Set down each record below exactly as it stands. Pictures are not part of the copy.
===== Material to process
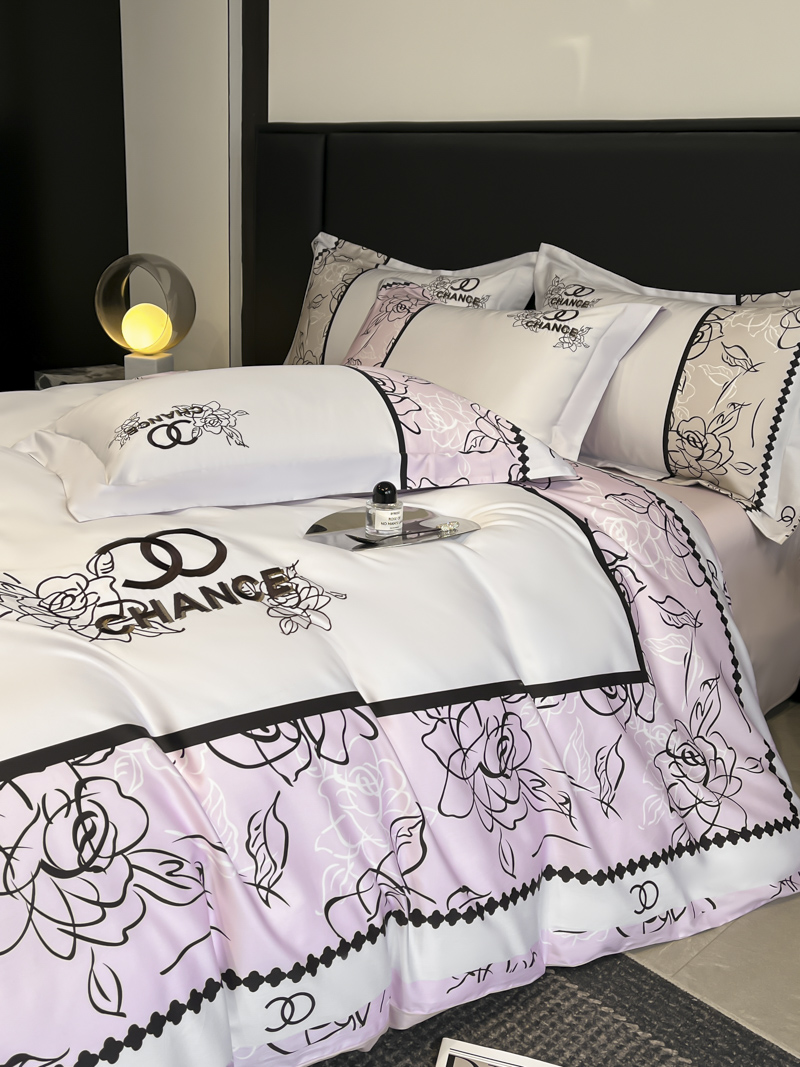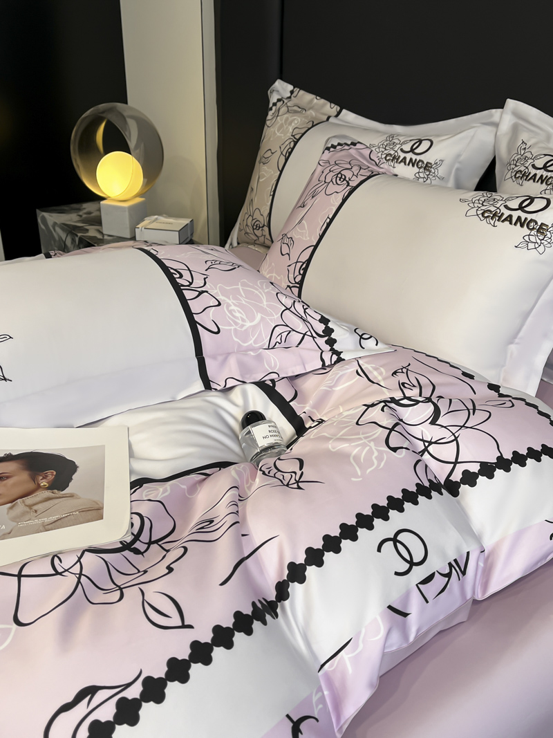 2025新款博纳家纺 纯棉数码印花+绣花四件套 粉紫色
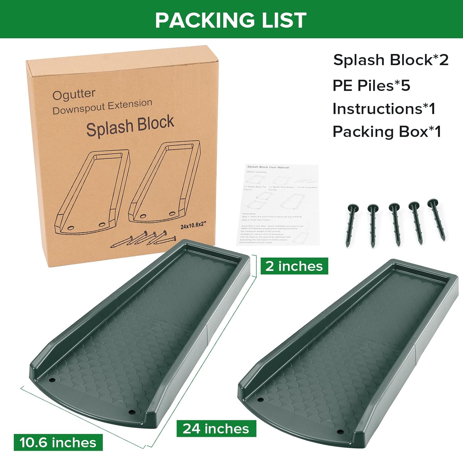Broadly Used: The size of every splash block are 24″L x 10.6″W x 2″H. It’s not affected by the scale of the downpipe outlet and can be utilized with any sort of downspout
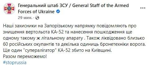 "Наши защитники в Запорожском направлении сообщают об уничтожении вертолета КА-52 и нанесении повреждения еще одному такому же летательному аппарату. Также ликвидировано около 60 российских оккупантов и несколько единиц бронетехники врага. Еще один "супералигатор" КА-52 сбит на Киевщине. Вместе победим!" - указано в сообщении.
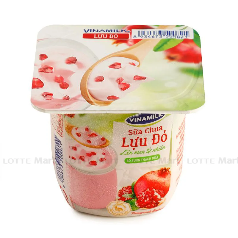 Đặc điểm nổi bật: Sử dụng công nghệ lên men hiện đại từ châu Âu, hỗ trợ tiêu hóa và giúp hấp thu dưỡng chất. Sữa chua lựu đỏ Vinamilk với vị chua ngọt thanh mát của lựu đỏ, thêm thạch giòn dai cho vị ngon khó cưỡng hoà cùng lớp sữa chua béo ngậy, sánh mịn.
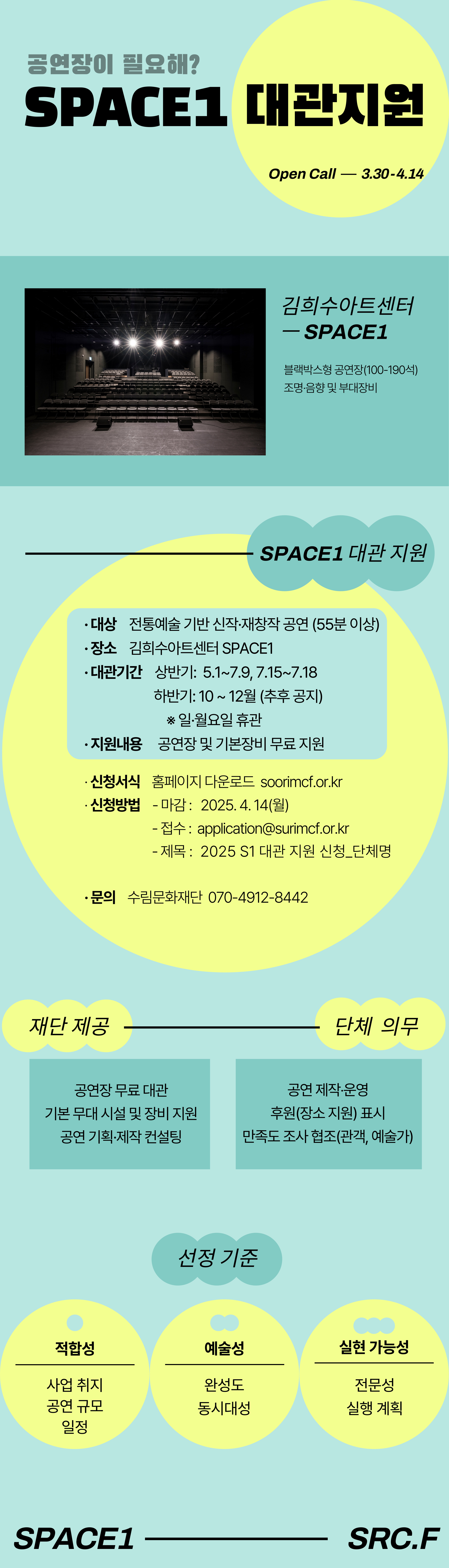 · 상세내용 및 신청서식 홈페이지 다운로드 www.soimcf..kr · 신청방법 - 마감 : 2025. 4. 14(월) - 접수 : application@surimcf..kr - 제목 : 2025 S1 대관 지원 신청_단체명
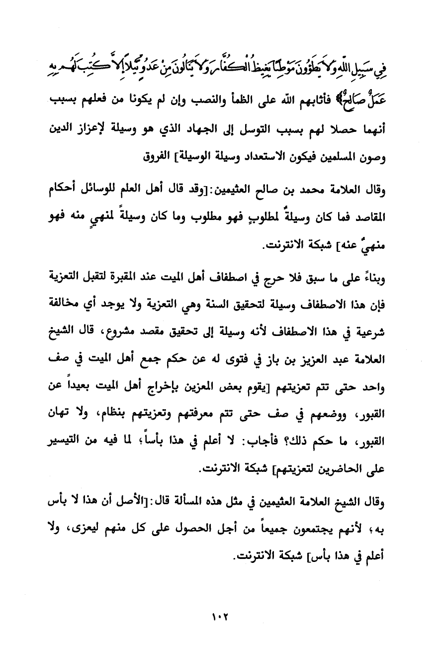 وقال العلامة محمد بن صالح العثيمين: [وقد قال أهل العلم للوسائل أحكام المقاصد فما كان وسيلةٌ لمطلوبٍ فهو مطلوب وما كان وسيلةً لمنهيٍ منه فهو منهيٌ عنه] شبكة الانترنت.
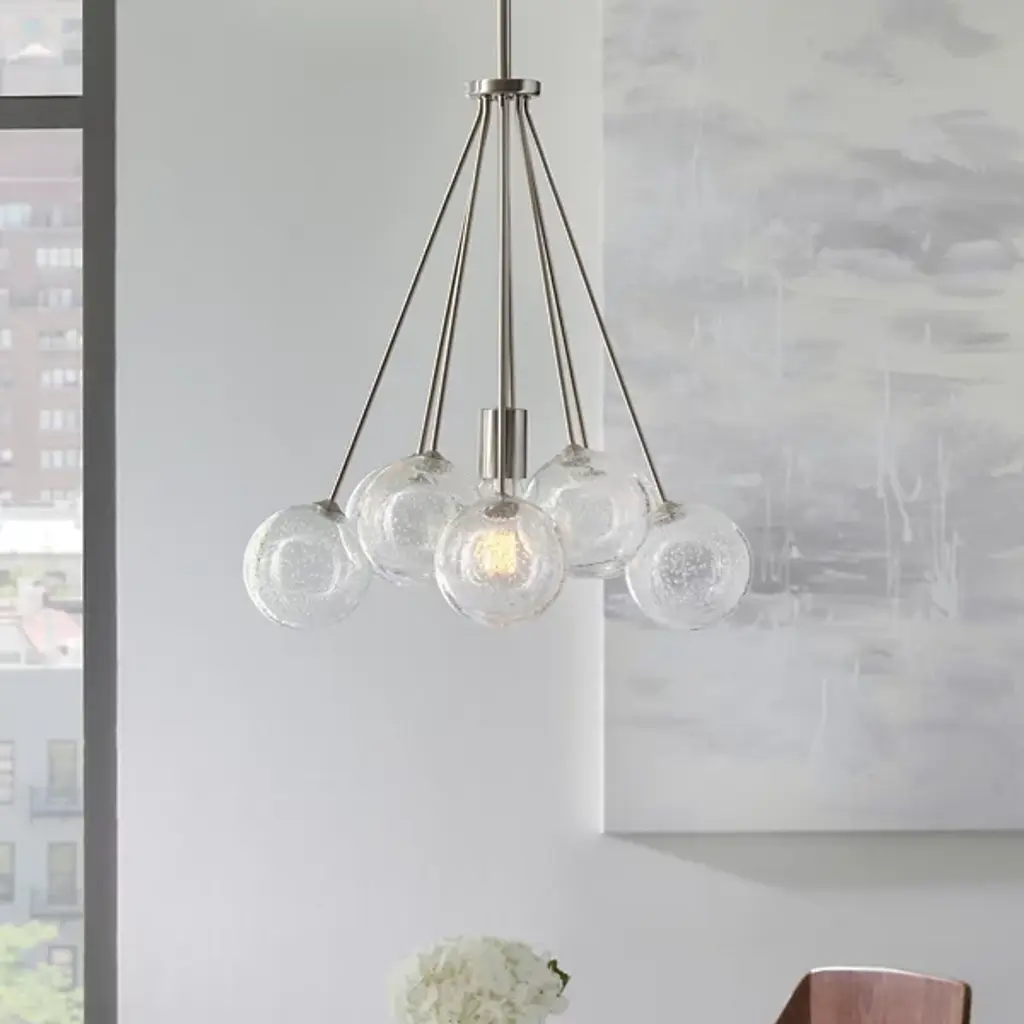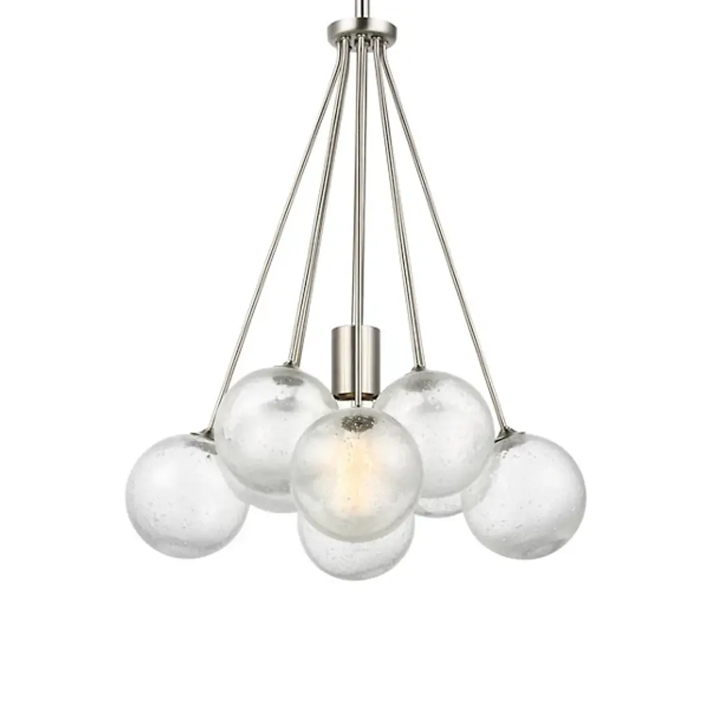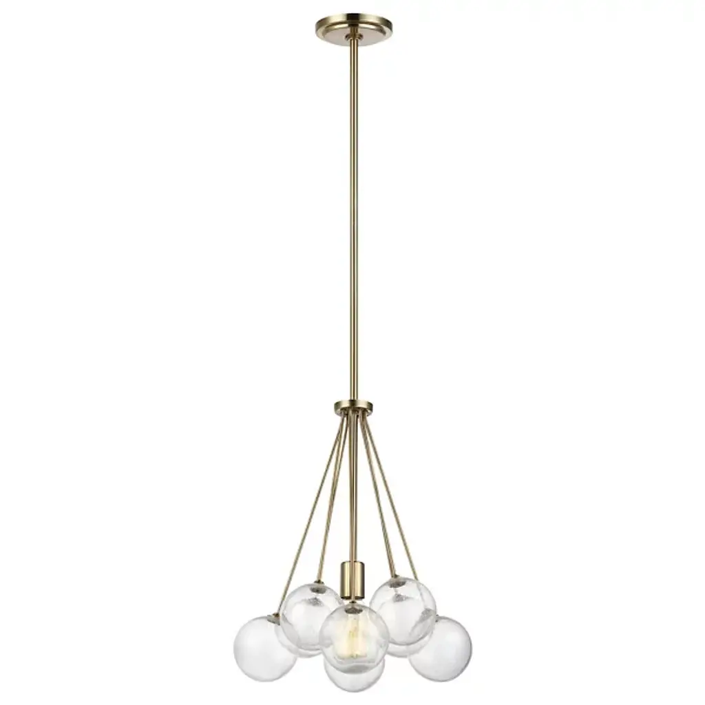 The Bronzeville Small Pendant by Visual Comfort Studio, formerly known as Sea Gull Lighting, is an elegant, mid-century option for your lighting needs. A series of handblown, translucent glass orbs hang from solid metal rods, combining into a singular, sturdy downrod. The orbs encase filament lights, which send out warm and stylish direct lighting. Rated for damp locations and able to be mounted on flat or slanted ceilings, the Bronzeville Pendant is a versatile option for focused lighting in your living spaces.
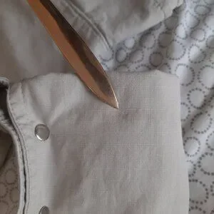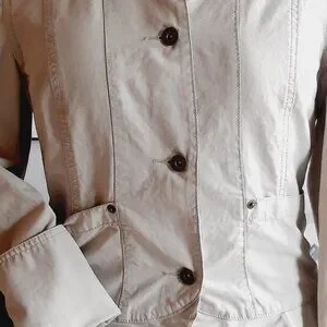 Great transitional piece for spring or fall. Get the look of Free People in a vintage DKNY jacket! A light cotton canvas material with metal buttons down the front. The cuffs are versatile in that they can be left long or folded into a 4-inch French cuff. The double peplum bottom lends a bit of feminine flair. DKNY JEANS is pressed into each cuff.
==========
* Answer space:
 2025新款博纳家纺 纯棉数码印花+绣花四件套 粉紫色
Broadly Used: The size of every splash block are 24″L x 10.6″W x 2″H. It’s not affected by the scale of the downpipe outlet and can be utilized with any sort of downspout
 "Наши защитники в Запорожском направлении сообщают об уничтожении вертолета КА-52 и нанесении повреждения еще одному такому же летательному аппарату. Также ликвидировано около 60 российских оккупантов и несколько единиц бронетехники врага. Еще один "супералигатор" КА-52 сбит на Киевщине. Вместе победим!" - указано в сообщении.
 Đặc điểm nổi bật: Sử dụng công nghệ lên men hiện đại từ châu Âu, hỗ trợ tiêu hóa và giúp hấp thu dưỡng chất. Sữa chua lựu đỏ Vinamilk với vị chua ngọt thanh mát của lựu đỏ, thêm thạch giòn dai cho vị ngon khó cưỡng hoà cùng lớp sữa chua béo ngậy, sánh mịn.
 · 상세내용 및 신청서식 홈페이지 다운로드 www.soimcf..kr · 신청방법 - 마감 : 2025. 4. 14(월) - 접수 : application@surimcf..kr - 제목 : 2025 S1 대관 지원 신청_단체명
 وقال العلامة محمد بن صالح العثيمين: [وقد قال أهل العلم للوسائل أحكام المقاصد فما كان وسيلةٌ لمطلوبٍ فهو مطلوب وما كان وسيلةً لمنهيٍ منه فهو منهيٌ عنه] شبكة الانترنت.
 The Bronzeville Small Pendant by Visual Comfort Studio, formerly known as Sea Gull Lighting, is an elegant, mid-century option for your lighting needs. A series of handblown, translucent glass orbs hang from solid metal rods, combining into a singular, sturdy downrod. The orbs encase filament lights, which send out warm and stylish direct lighting. Rated for damp locations and able to be mounted on flat or slanted ceilings, the Bronzeville Pendant is a versatile option for focused lighting in your living spaces.
 Great transitional piece for spring or fall. Get the look of Free People in a vintage DKNY jacket! A light cotton canvas material with metal buttons down the front. The cuffs are versatile in that they can be left long or folded into a 4-inch French cuff. The double peplum bottom lends a bit of feminine flair. DKNY JEANS is pressed into each cuff.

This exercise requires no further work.